Так что инициативу освобождения крестьянства пришлось взять на себя лично императору – и далее упорно преодолевать не только бюрократическую инерцию самодержавного государства, но и сопротивление (когда скрытое, а когда и откровенное) правящего класса. Союз императорской семьи (не только Александр Второй, но и несколько его ближайших родственников стали главными борцами за освобождение крестьян) с небольшим числом либеральных помещиков и просвещенных высших бюрократов позволил запустить процесс подготовки реформы, подготовить основные документы и начать обсуждение. Не дать «замотать» процесс уже в самом начале удалось оригинальным приемом, которого всегда страшится бюрократия: сделать его гласным, открытым для общественности, действовать быстро и напористо, вовлекать в обсуждение широкие слои. «Лайфхаков» было изобретено много, и уже сам их перечень представляет особый интерес для любого наблюдателя за российскими реформами (в наше время, думаю, освобождение крестьян имеет собственную аналогию – реформу контрольно-надзорной деятельности, стартовавшую уже давно, но пока так и не принесшую ощутимых результатов. Уверен, ее инициаторам нелишне было бы познакомиться с опытом и наработками своих предшественников полуторавековой давности – в бюрократической практике мало что меняется).

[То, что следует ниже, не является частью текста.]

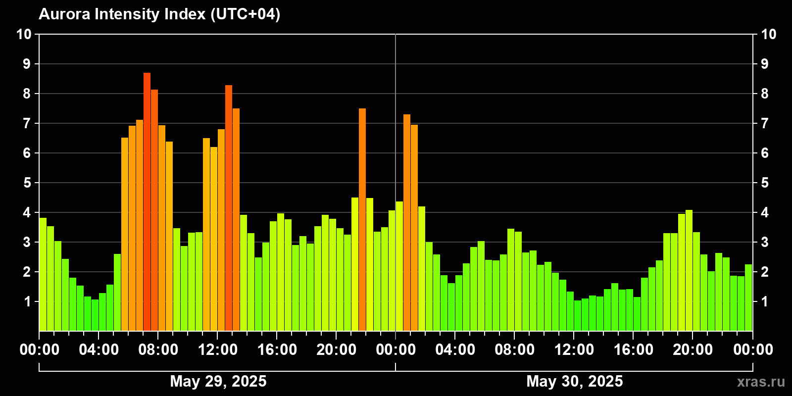 Auroral intensity index and the theoretically possible latitude of observations for nighttime in the Estern Hemisphere as of 2025-05-30 23:58 (end of day) local time
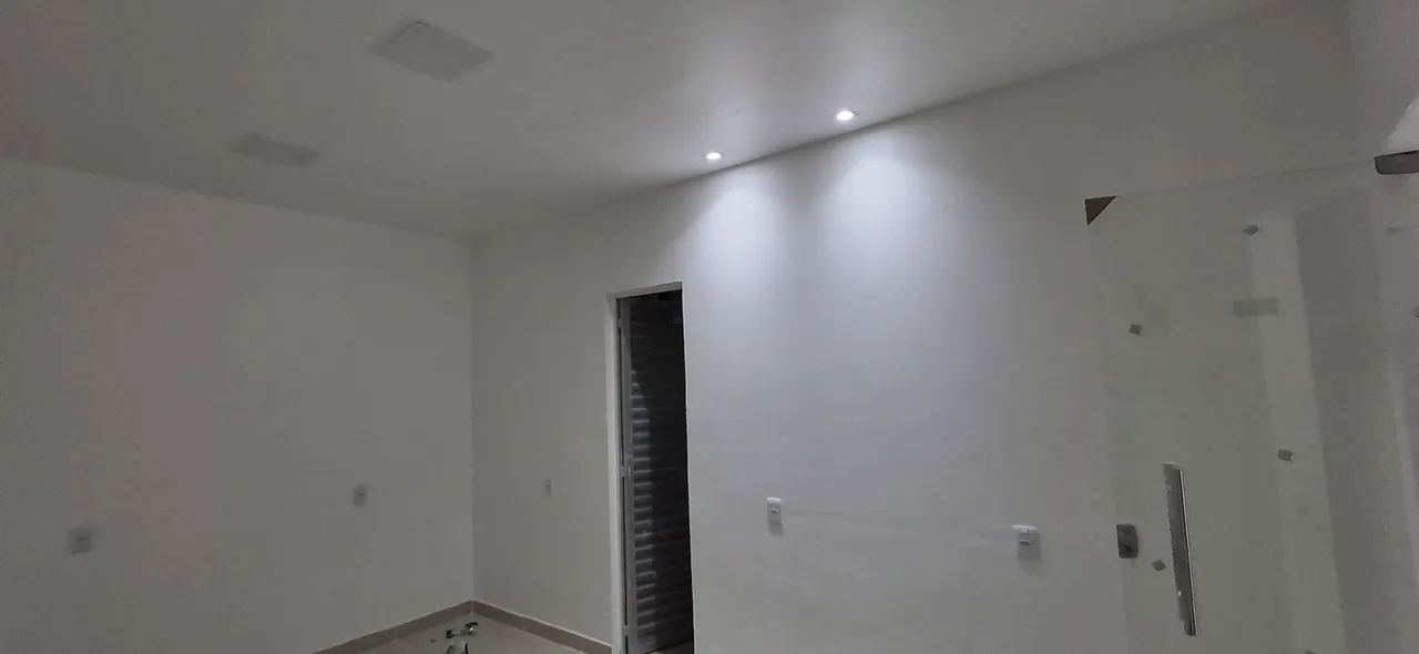Mede 16 m2, possui luminárias e banheiro interno. Toda reformada.
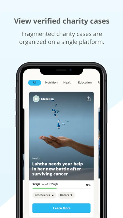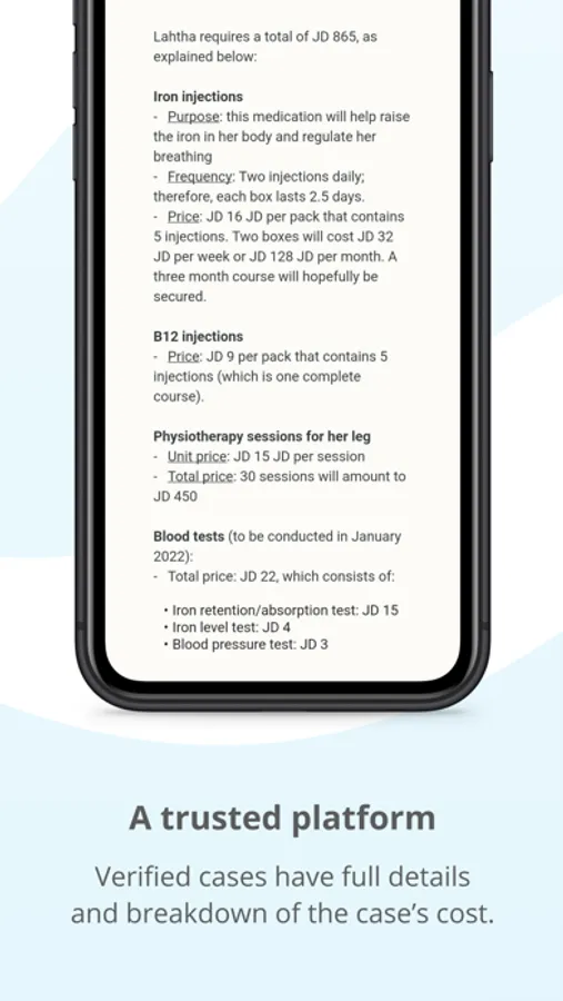 Once the case has been verified, it is presented on Tadamon’s platform, including the mobile app and website.
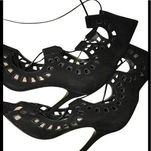 Matli Gladiator Black SUEDE Cut-Out Stiletto Heels
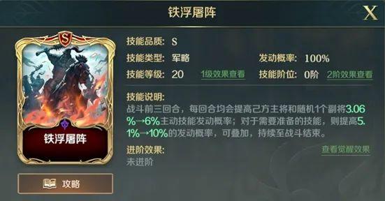 此技能作为军略技能,可以为主将增加主动技能发动概率,队伍中的主动技能发动概率较低,【铁浮屠阵】配合织田信长的决胜效果,可以提高织田信长输出的稳定性。
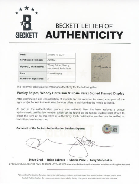 White Men Can't Jump (3) Snipes, Harrelson & Perez Signed 3x5 Framed Display BAS
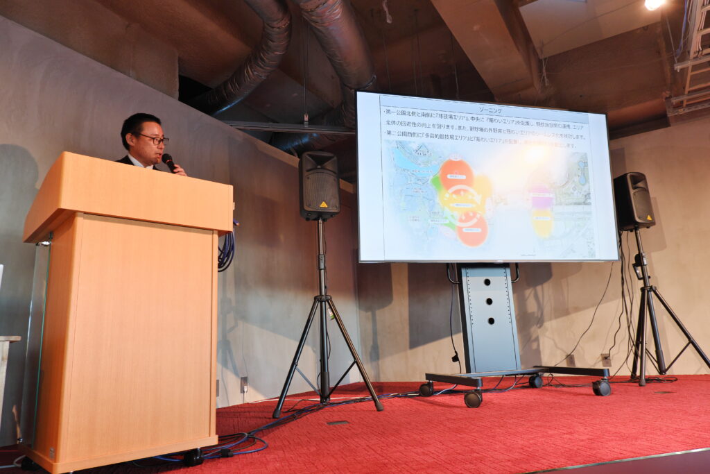 埼玉県都市整備部公園スタジアム課 松村 友宏様より、大宮スーパー・ボールパーク構想に関する詳細なご説明を賜りました。
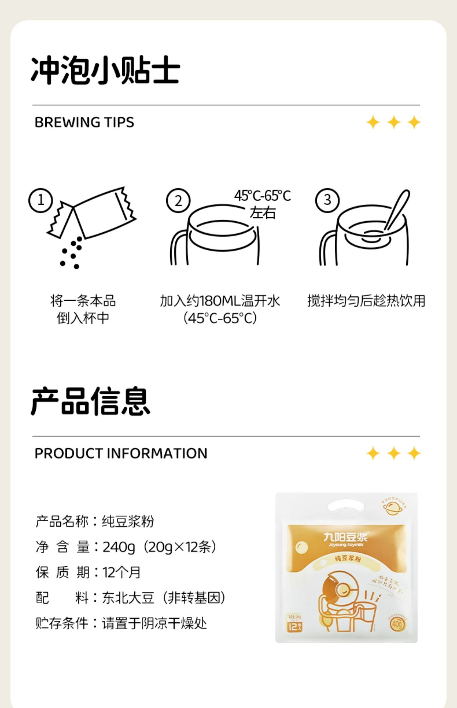 商品介绍:九阳无添加蔗糖豆浆粉27g*24条+送胖胖杯
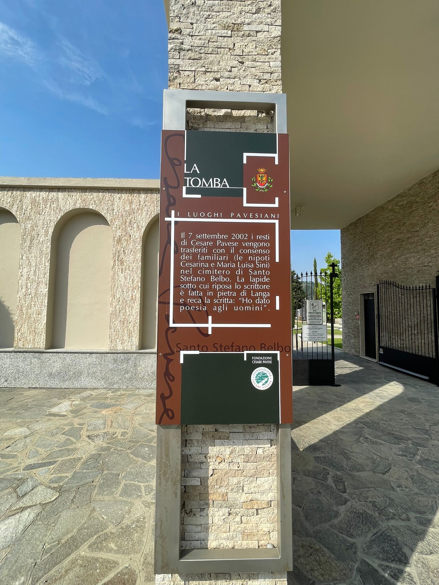 Sono stati presentati nella giornata di ieri, mercoledì 15 giugno, presso il cimitero di Santo Stefano Belbo, i lavori di valorizzazione dell’area destinata a tomba dello scrittore Cesare Pavese, realizzati nell’ambito degli interventi previsti dal piano di sviluppo locale “Un paese ci vuole”, promosso dall’Amministrazione comunale guidata dal sindaco Laura Capra.
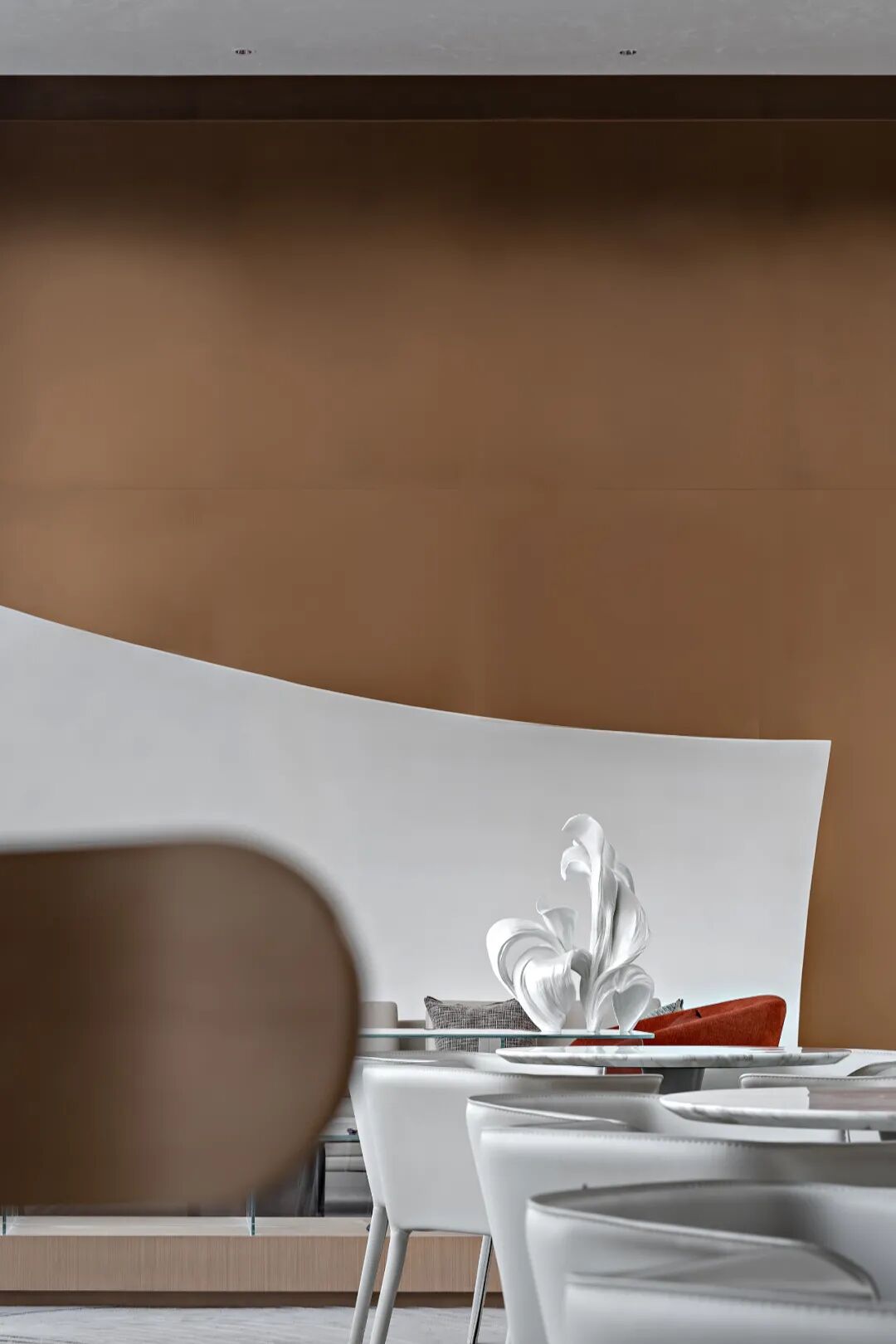 软装呼应空间艺术调性弱化整体色彩,在灰与白的静谧色彩中,增添自然温暖的枫叶色,呈现沙漠上日出日落晕染大地的景象,跳跃的色彩呼应黄沙高土粗犷与生命力,散落各处,拂去生活中的繁琐,给人带来希望和期望。
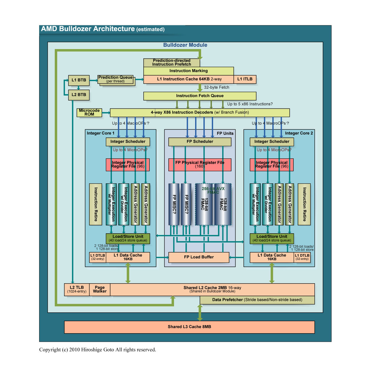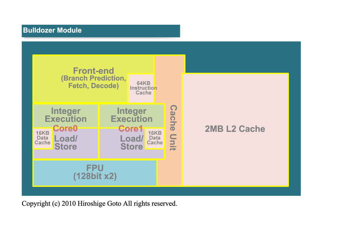 Orochi에 4 개 탑재되어 있는 Bulldozer Module은 각각 아래의 그림과 같은 구조로 되어 있다. CPU 모듈 부분은 큰 유닛마다 명확히 구분되어 있으며, 유닛군 사이에는 클럭 드라이버의 띠가 이미 끼워져 담겨 있다. 맨 위의 유닛군이 프런트 엔드의 명령어 인출 / 해독 및 분기 예측, 64KB의 L1 명령어 캐시. 그 아래에 정수 코어가 2 개 나란히 있다. 정수 코어는 정수 연산 파이프 블록과 로드 / 스토어 계의 블록 상하로 나누어져 있다. 로드 / 스토어 유닛은 16KB의 L1 데이터 캐시가 코어에 각각 포함되어 있다. 아래는 부동 소수점 (FP) 유닛이다.
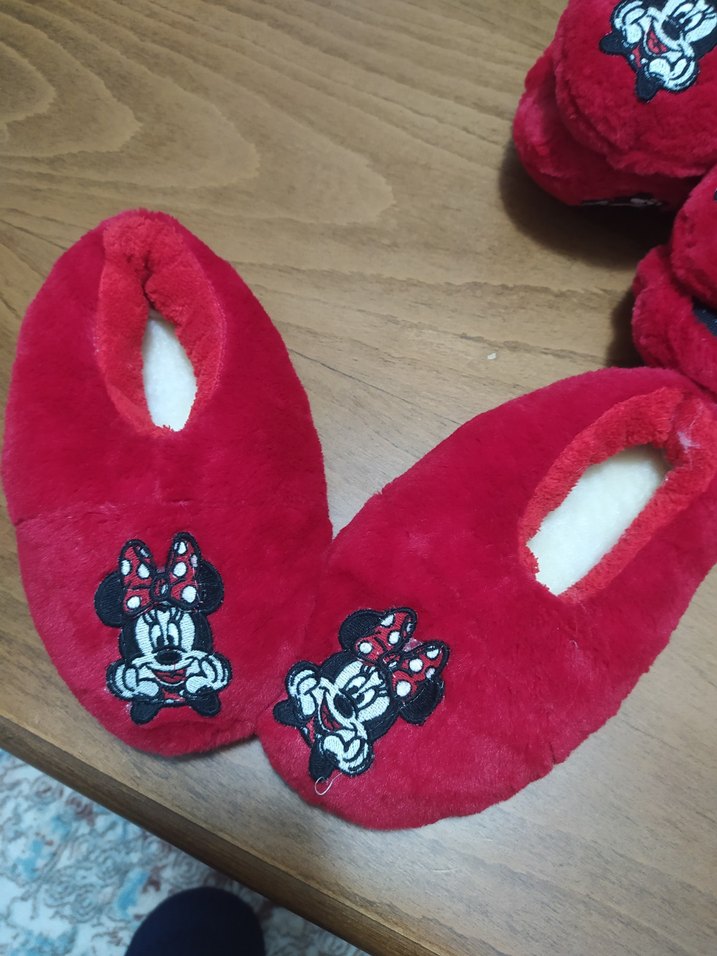 Kız çocukları için kırmızı, nakışlı Minnie Mouse desenli, içi kürklü sıcak ev terliği. Rahat ve yumuşak iç yüzeye sahiptir.
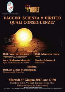 «Lo scorso 27 Giugno si è svolta a Colleferro, presso la ex Sala Konver, la conferenza “Vaccini: Scienza e Diritto. Quali Conseguenze?” organizzata dall’Associazione Mamme Colleferro e da un gruppo di genitori volontari in collaborazione con Auret (Autismo Ricerca e Terapie).
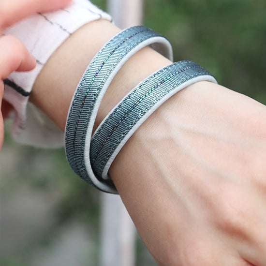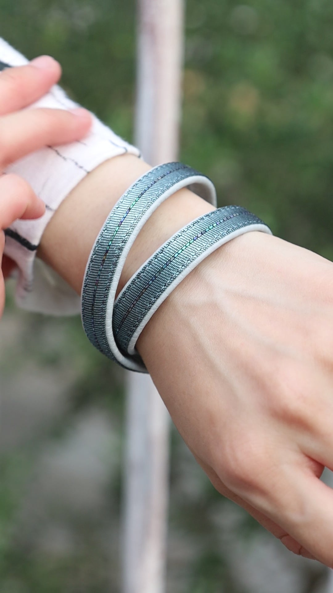 螺鈿織工芸帯の技法を駆使したマザーオブパールの輝く生地に世界最高品質のトリヨンレザーを併せ、日本の確かな縫製技術で完成させました。留め具にはマグネットバックルを採用。
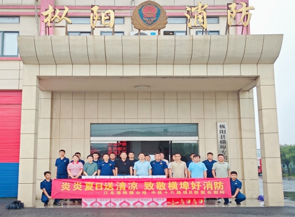 為深入貫徹落實(shí)習(xí)近平總書(shū)記關(guān)于雙擁工作的重要指示精神,深化“擁軍優(yōu)屬 擁政愛(ài)民”工作實(shí)效,大力營(yíng)造擁軍、愛(ài)軍、崇軍濃厚氛圍。值此“八一”建軍節(jié)來(lái)臨之際,江北港鐵路專用線公司黨支部聯(lián)合中鐵十六局江北港鐵路專用線項(xiàng)目部走進(jìn)樅陽(yáng)縣消防救援大隊(duì)橫埠政府專職消防隊(duì),開(kāi)展“八一”擁軍慰問(wèn)活動(dòng),為消防指戰(zhàn)員們送去關(guān)懷。
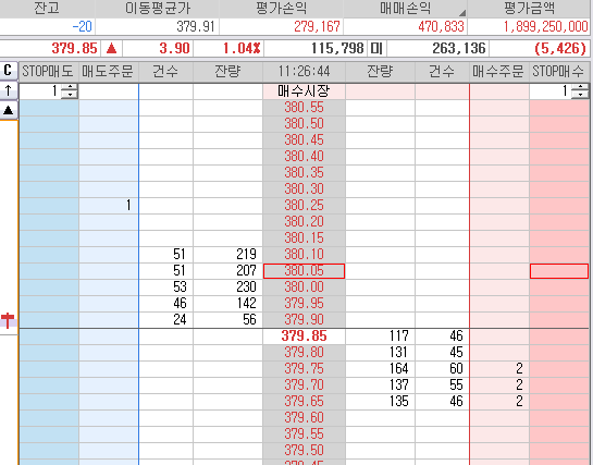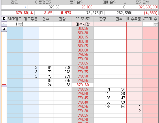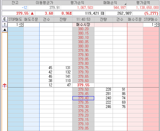 젠장~ 1틱 차이로 안 팔렸다. 그리고 다시 튀는데... 379.75를 양봉을 뚫었다.

А затем, когда процесс набрал собственную инерцию и стало понятно, что освобождение все-таки состоится, центр борьбы сместился на условия освобождения. Вот здесь уже классовая борьба разгорелась вовсю! Ведь речь шла ни много ни мало о выживании дворянства как класса: если бы крестьяне освобождались бесплатно и с землей, дни дворянства были бы сочтены, а если за плату и без земли, то это могло вызвать катастрофическое разорение крестьянства, крах госбюджета и исчезновение мобилизационного ресурса для армии. Государство, показывает Попов, пошло навстречу прежде всего дворянству – и обеспечило его финансовые и материальные интересы на полвека вперед. Однако «прусский путь развития капитализма», защищаемый крупнейшими землевладельцами (имеется в виду быстрое освобождение крестьян, но совсем без земли), в России все-таки не реализовался. Вместо него сформировался «русский пусть», сложный, противоречивый, труднореализуемый, полный компромиссов и отсрочек. Такой путь затягивал капиталистическое развитие страны, затруднял его, сковывал действия всех социальны сил – и для своего продвижения требовал активных и деятельных усилий государства, его посреднической, модерирующей, арбитражной роли. Все классы России после освобождения крестьян ослабли («порвалась цепь великая, порвалась и ударила – одним концом по барину, другим – по мужику»), и только государство усилилось!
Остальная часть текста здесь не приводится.